§ Task item
Only the lines from the opening of the material through the line bearing "(1)用配方法y=2x2﹣4" should be reproduced, exactly and without pictures.

§ Provided data
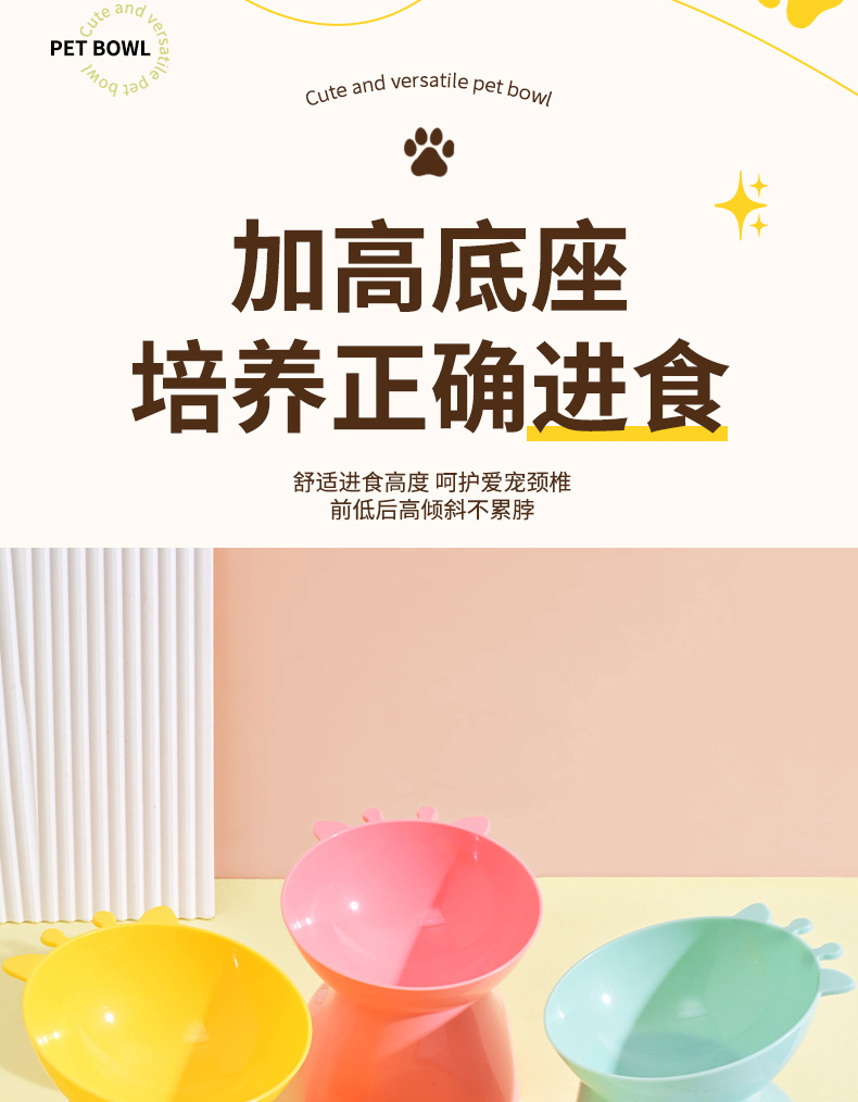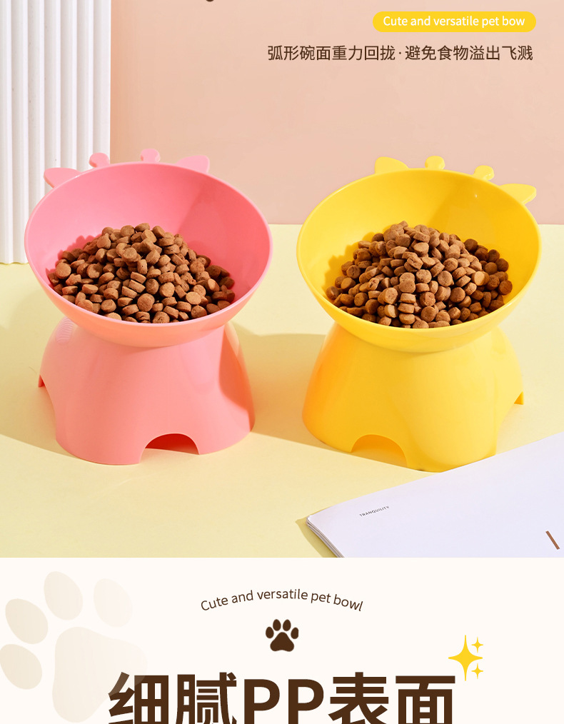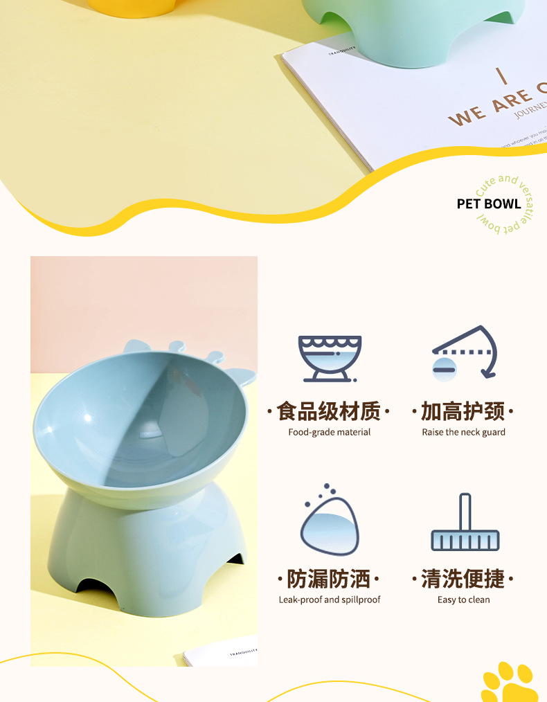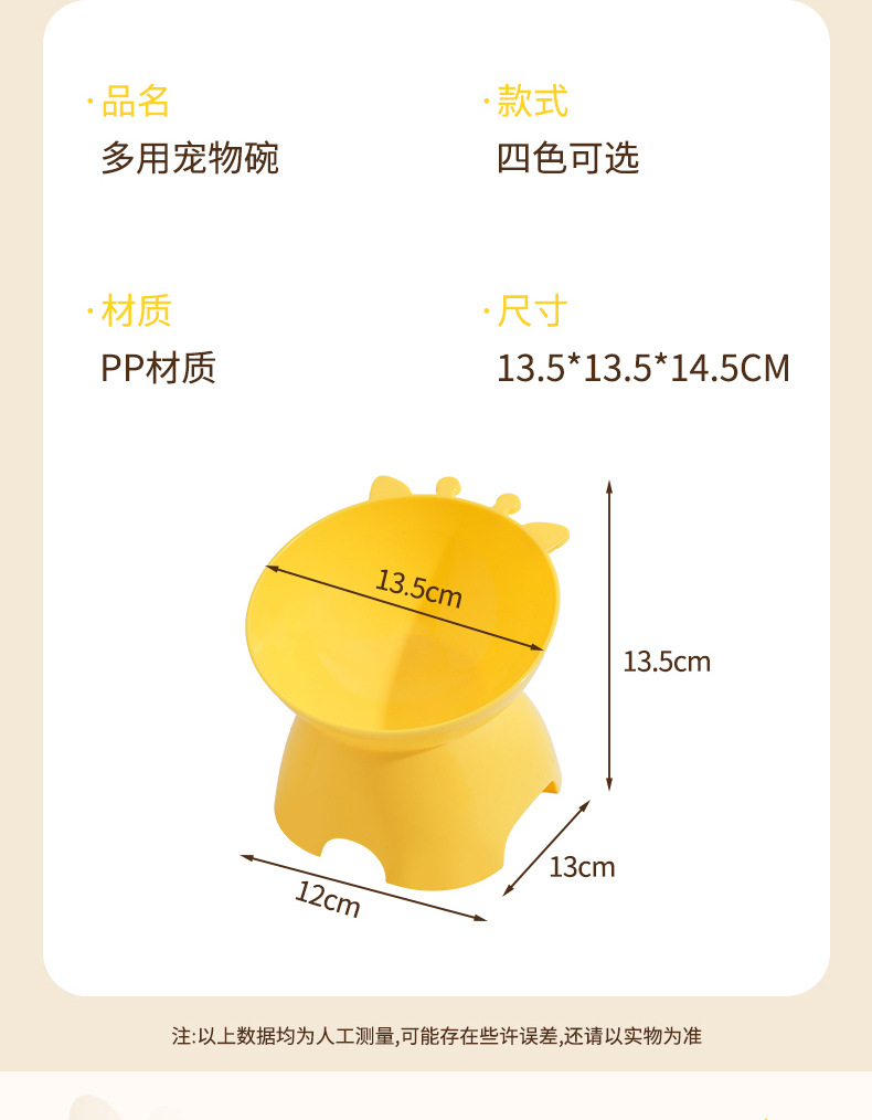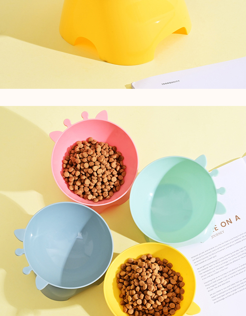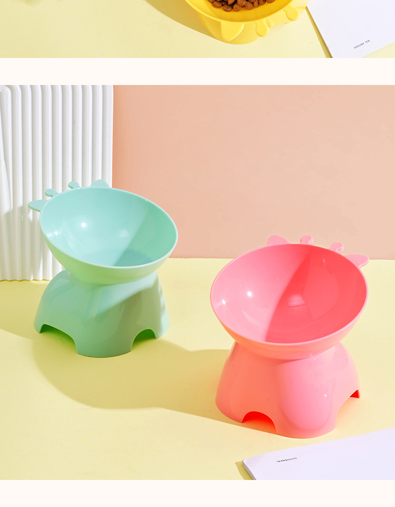 새로운 도파민 컬러 기린 높은 사발 고양이 그릇 비스듬한 목 보호 그릇 고양이 식품 분지 안티 노크 애완 동물 그릇
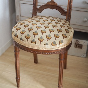 楽器のハープがモチーフの背が美しい、フランスの伝統的スタイルのアンティークチェアです。音楽を聴くときのために作られた椅子といわれます。
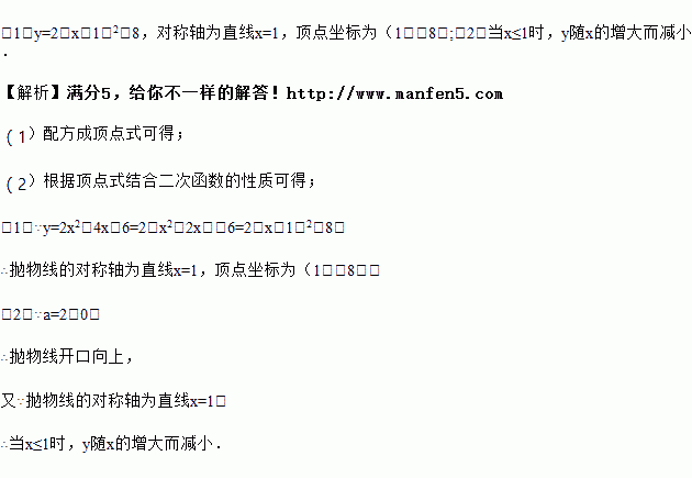 (1)用配方法y=2x2﹣4x﹣6将化成y=a(x﹣h)2+k的形式,并写出对称轴和顶点坐标;
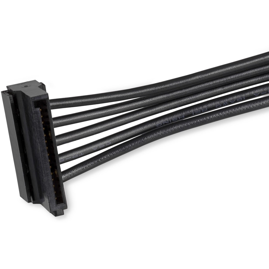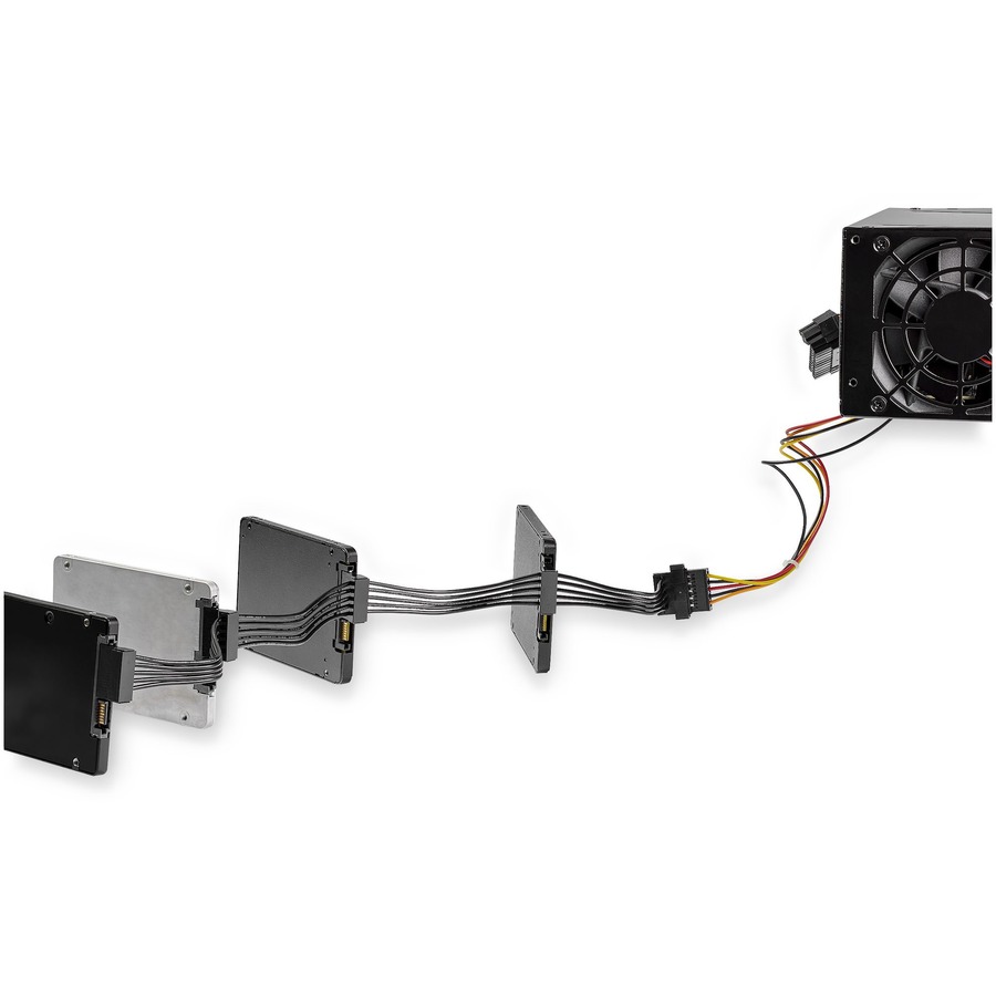 The SATA power splitter cable overcomes the limit of the number of SATA devices, such as SSD drives or SATA optical drives that can be installed in the system, based on available PSU power connections. The cable eliminates the cost of having to upgrade the power supply to accommodate additional SATA drives.
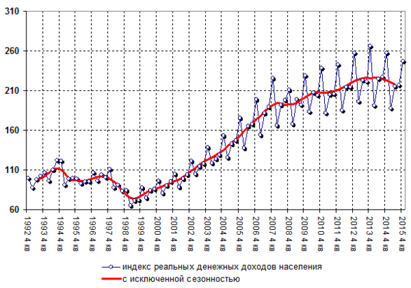 По оценкам Федеральной службы государственной статистики индекс реальных располагаемых денежных доходов населения составил 113,8% за 4 квартал 2015 года в сравнении с предыдущим периодом или 95,8% в годовом выражении представлен на рисунке 1 .
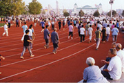 時(shí)代廣場(chǎng)共分二期工程建設(shè)。一期工程分為東區(qū)工程和中區(qū)工程,占地220畝,東區(qū)工程主要包括硬質(zhì)鋪裝及停車(chē)場(chǎng)、塑膠體育場(chǎng)、下沉式劇場(chǎng)、水幕電影,中區(qū)工程借助原人民公園的自然湖面和綠島;二期工程為西區(qū)工程,占地160畝,主要有博物館、老年活動(dòng)中心、少年科技活動(dòng)中心、老火車(chē)站遺址等?,F(xiàn)一期工程已竣工并向市民開(kāi)放。廣場(chǎng)占地7萬(wàn)平方米,是我省最大的集休閑、娛樂(lè)、健身等功能于一體的綜合性廣場(chǎng)。主要設(shè)施包括:雕塑水池、下沉式劇場(chǎng)、水幕電影、塑膠體育場(chǎng)。廣場(chǎng)中心雕塑高17米,四周矩陣式跑泉與下沉式劇場(chǎng)主噴泉隨音樂(lè)節(jié)拍起伏跌蕩,顯示出剛?cè)嵯酀?jì)的效果;下沉式劇場(chǎng)背湖而立,可容納2000人觀看演出;水幕電影以水幕取代了傳統(tǒng)布幕,投影系統(tǒng)采用比利時(shí)BACO高亮度投影儀,可將VCD、電視節(jié)目以及計(jì)算機(jī)所形成的各種圖景放映在水幕屏上,我市是我省第一個(gè)具備該種設(shè)施的城市;環(huán)型塑膠體育場(chǎng)位于廣場(chǎng)南側(cè),占地3000平方米。
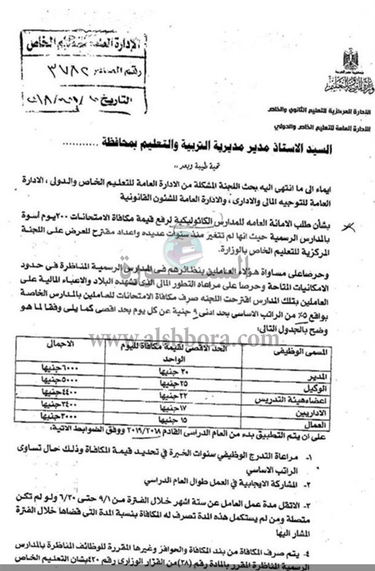 بالمستندات| التعليم تعلن شروط صرف مكافآت الامتحانات وفقا للشرائح الجديدة
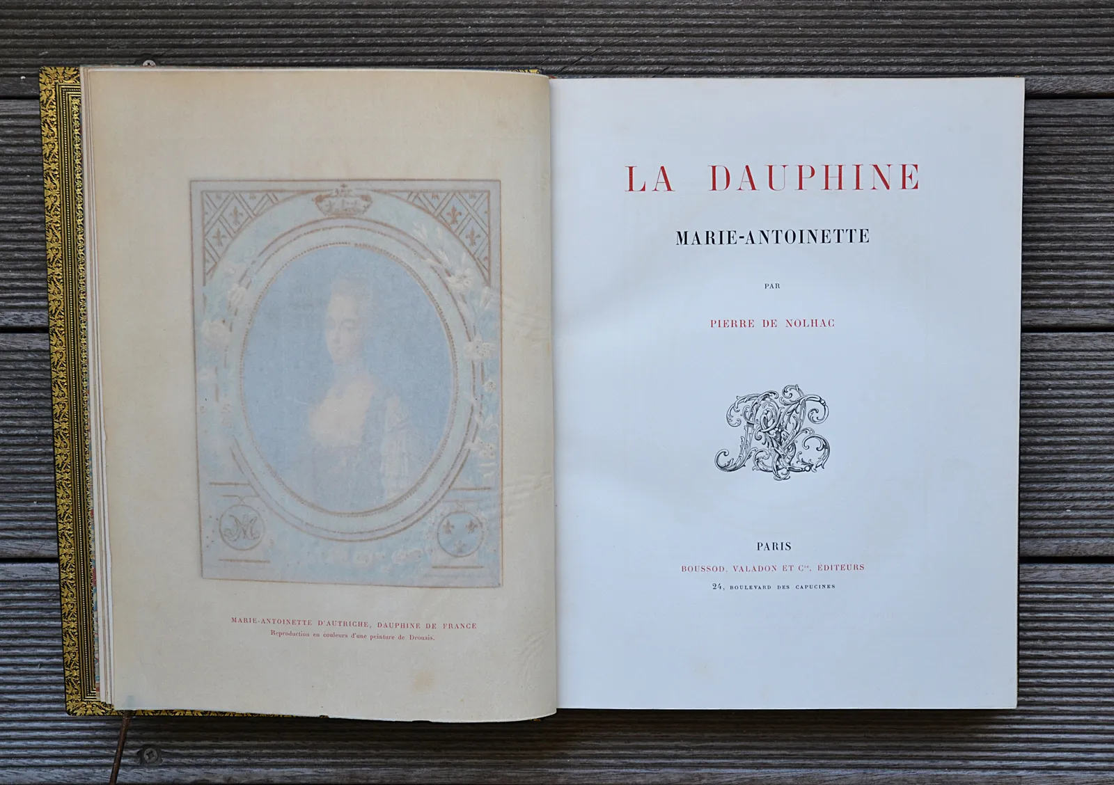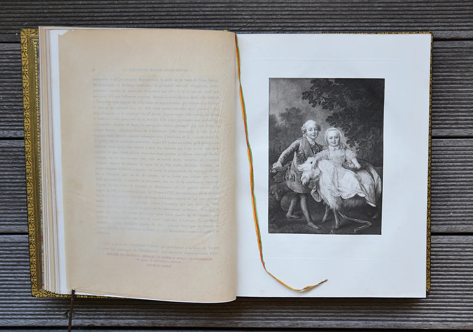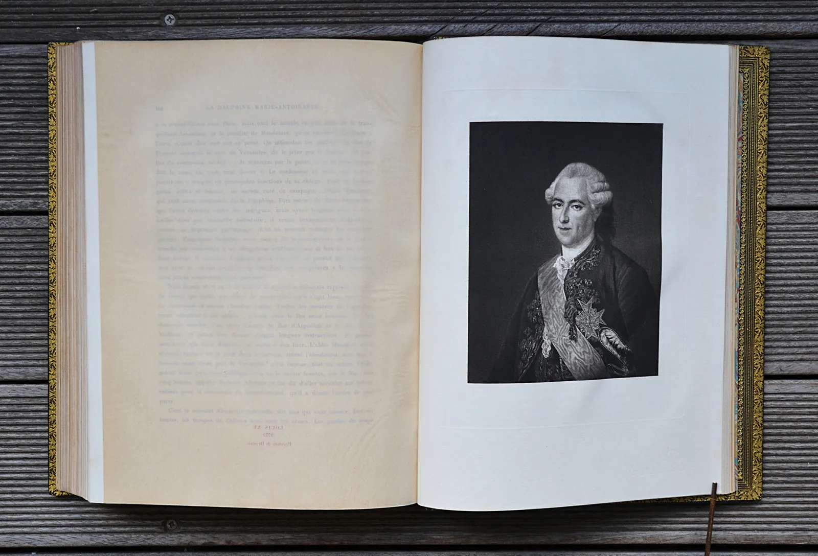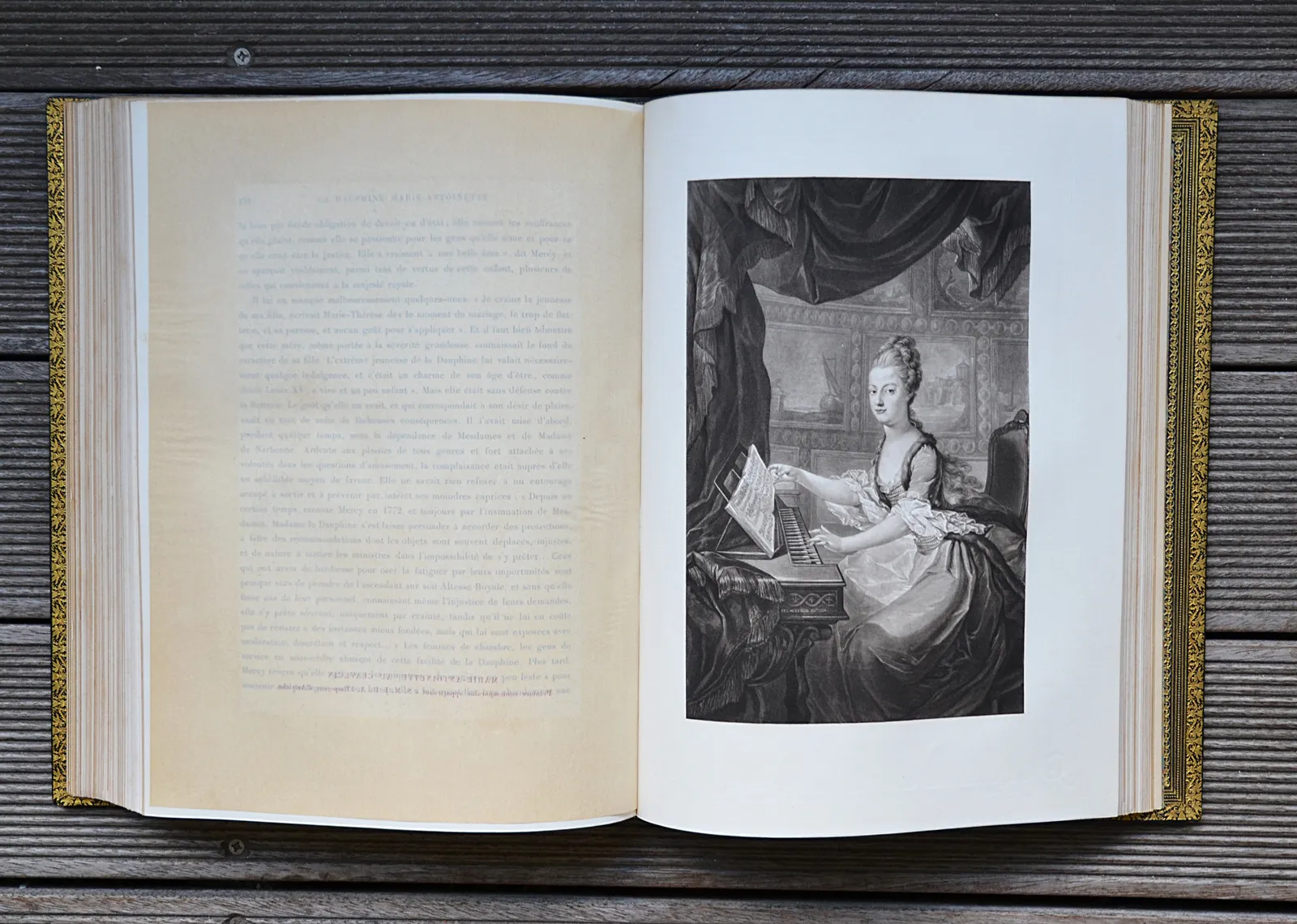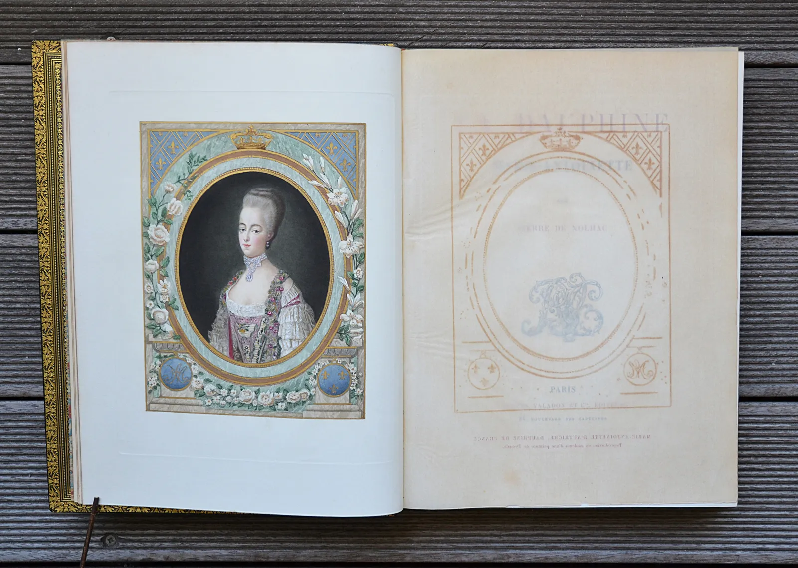 Un volume grand in-4 (25 x 32 cm.) de : (2ff.) – 181 pp. – (1f.) ; maroquin bleu-nuit, armoiries dorées de Marie-Antoinette au centre des plats, fleur de lys dorée dans les angles, dos à nerfs orné de fleurs de lys, date dorée en queue, double filet dorée sur les coupes, large roulette dorée à l’intérieur, tranches dorées, couverture conservée (Durvand).

§ Task response
 새로운 도파민 컬러 기린 높은 사발 고양이 그릇 비스듬한 목 보호 그릇 고양이 식품 분지 안티 노크 애완 동물 그릇
 楽器のハープがモチーフの背が美しい、フランスの伝統的スタイルのアンティークチェアです。音楽を聴くときのために作られた椅子といわれます。
 (1)用配方法y=2x2﹣4x﹣6将化成y=a(x﹣h)2+k的形式,并写出对称轴和顶点坐标;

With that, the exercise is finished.